→ WHAT IS EXPECTED: In the listing below, print exactly the lines between the line holding "2003 Silverado Production Stats: A Deep Dive" and the line holding "Introducing this exciting", inclusive, and no more.

→ INPUT MATERIAL:
● ● ●
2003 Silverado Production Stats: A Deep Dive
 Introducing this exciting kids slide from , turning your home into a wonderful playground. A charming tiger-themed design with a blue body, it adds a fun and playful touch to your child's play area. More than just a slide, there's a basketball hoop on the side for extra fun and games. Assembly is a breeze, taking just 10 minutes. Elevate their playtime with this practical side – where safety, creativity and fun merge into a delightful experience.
● ● ●
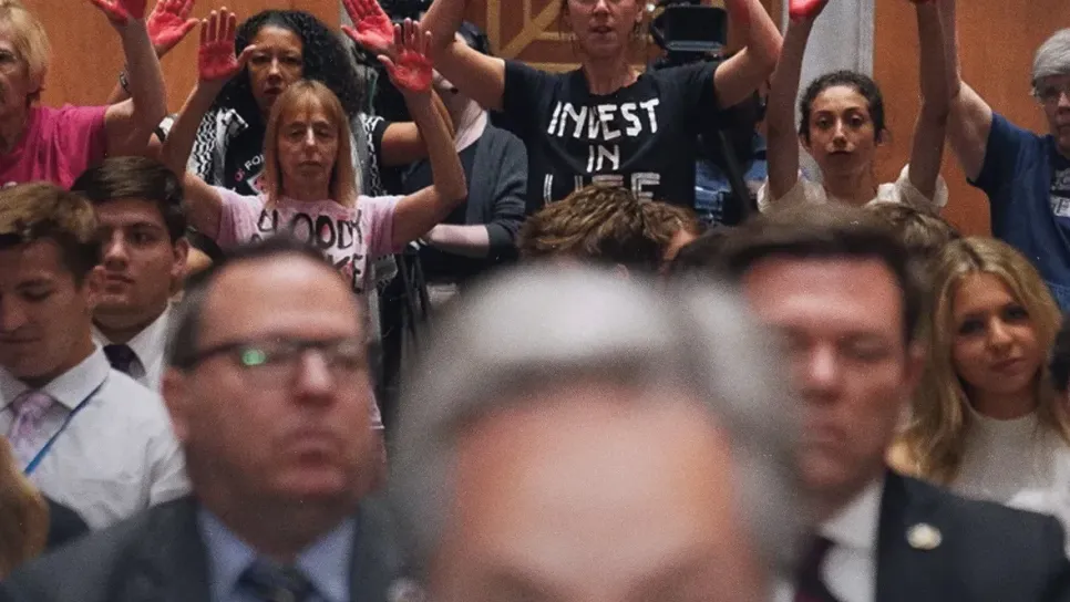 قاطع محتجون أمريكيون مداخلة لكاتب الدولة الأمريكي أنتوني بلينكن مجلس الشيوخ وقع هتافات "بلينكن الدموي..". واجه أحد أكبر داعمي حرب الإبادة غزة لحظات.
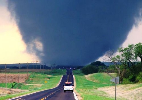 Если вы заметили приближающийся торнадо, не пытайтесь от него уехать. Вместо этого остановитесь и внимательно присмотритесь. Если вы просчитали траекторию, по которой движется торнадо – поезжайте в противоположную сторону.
● ● ●
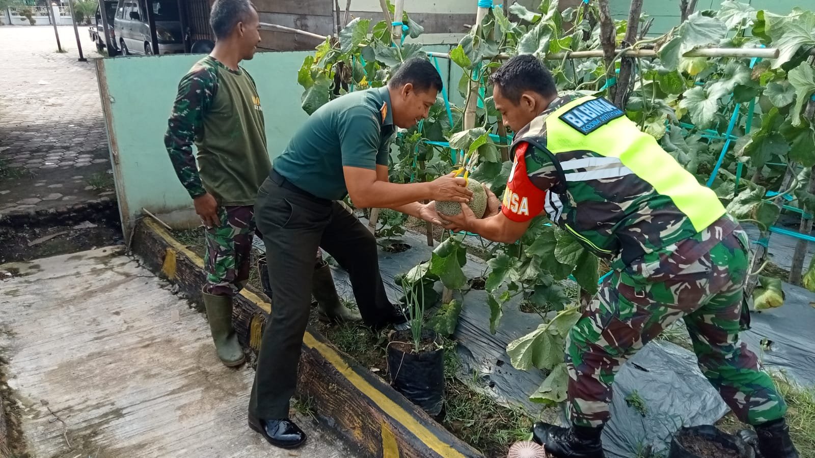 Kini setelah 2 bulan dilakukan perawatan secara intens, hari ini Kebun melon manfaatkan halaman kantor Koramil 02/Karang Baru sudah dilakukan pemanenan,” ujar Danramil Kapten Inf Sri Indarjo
● ● ●
→ EXERCISE ANSWER:
2003 Silverado Production Stats: A Deep Dive
 Introducing this exciting kids slide from , turning your home into a wonderful playground. A charming tiger-themed design with a blue body, it adds a fun and playful touch to your child's play area. More than just a slide, there's a basketball hoop on the side for extra fun and games. Assembly is a breeze, taking just 10 minutes. Elevate their playtime with this practical side – where safety, creativity and fun merge into a delightful experience.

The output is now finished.